Former Presidents George W. Bush, Jimmy Carter Remember Senator John McCain as a 'Patriot'



Former Presidents George W. Bush and Jimmy Carter both remembered Sen. John McCain as a "patriot" who was a representation of the best of America. McCain died Saturday at the age of 81.

"Some lives are so vivid, it is difficult to imagine them ended. Some voices are so vibrant, it is hard to think of them stilled," Bush, who ran against McCain for the Republican presidential nomination in 2000, wrote on Facebook. "John McCain was a man of deep conviction and a patriot of the highest order. He was a public servant in the finest traditions of our country. And to me, he was a friend whom I'll deeply miss. Laura and I send our heartfelt sympathies to Cindy and the entire McCain family, and our thanks to God for the life of John McCain."

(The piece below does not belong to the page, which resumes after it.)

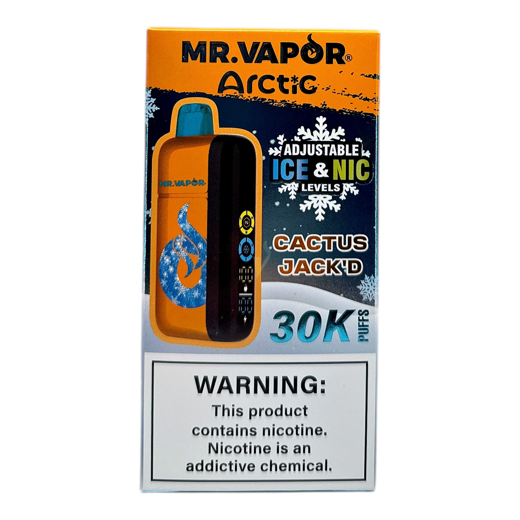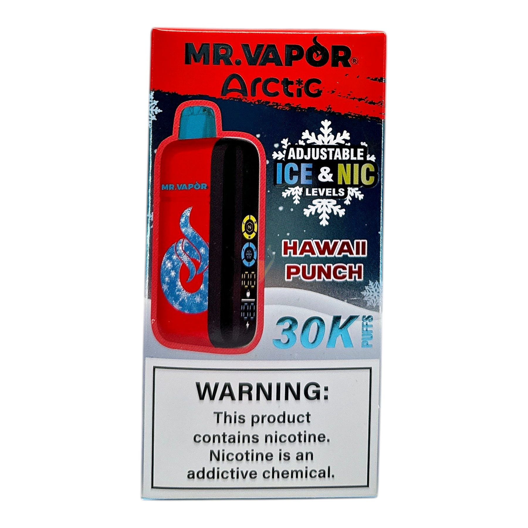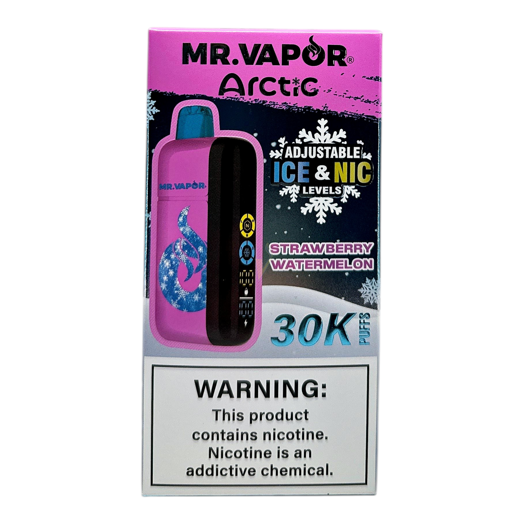 - Adjustability: On-device controls for Ice (cooling) intensity and Nicotine level

"John McCain was a man of honor, a true patriot in the best sense of the word," Carter wrote. "Americans will be forever grateful for his heroic military service and for his steadfast integrity as a member of the United States Senate. Rosalynn and I extend our sincere condolences to Senator McCain's family and to the people of Arizona whom he represented so forthrightly for so many years."

Bush's father, President George H.W. Bush, also issued a statement to honor McCain's life of service.

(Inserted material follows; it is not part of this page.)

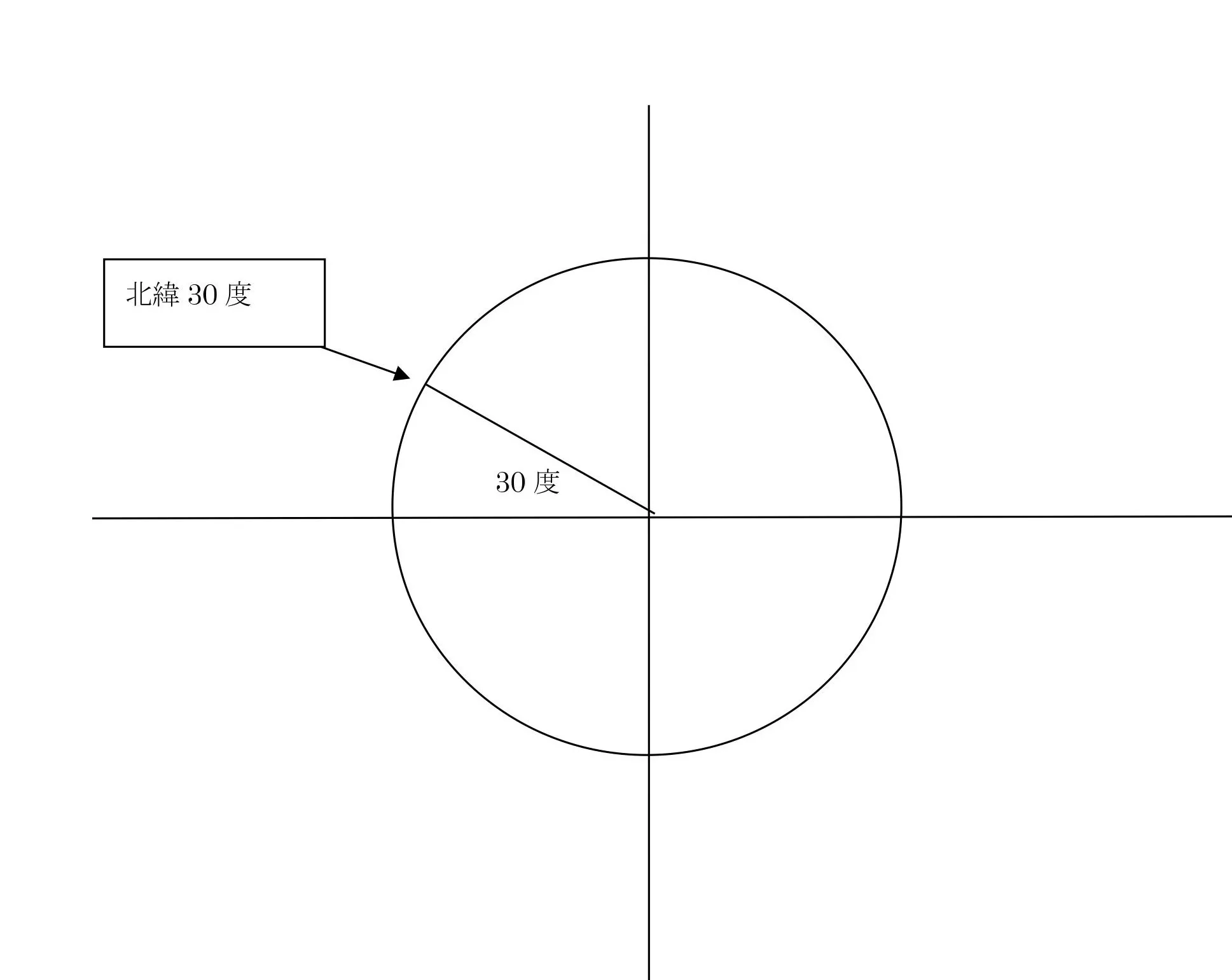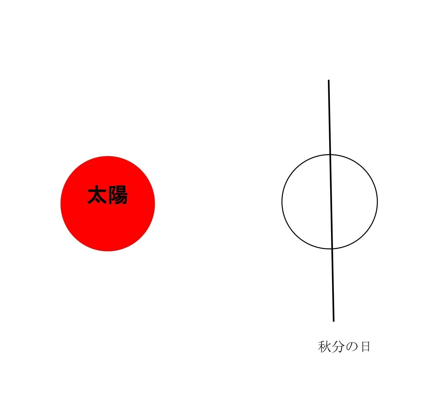 秋分の日なので、地軸はまっすぐにして考えるよ。

McCain died Saturday, more than a year after he was diagnosed with brain cancer. Hours before his death, the McCain family said he would no longer be treated for the disease.

McCain was a Vietnam War veteran, and survived five years as a prisoner of war. After retiring from the Navy, he moved to Arizona and entered public life when he was elected to the U.S. House of Representatives in 1982. In 1987, he was elected to the U.S. Senate and was re-elected five times, including in 2016. His current term expires in 2022.

McCain ran for president twice. In 2000, he competed for the Republican Party nomination against Bush and emerged as Bush's only serious competition. He won seven primaries before dropping out. McCain ran again in 2008 and won the nomination, but lost in the general election to President Barack Obama.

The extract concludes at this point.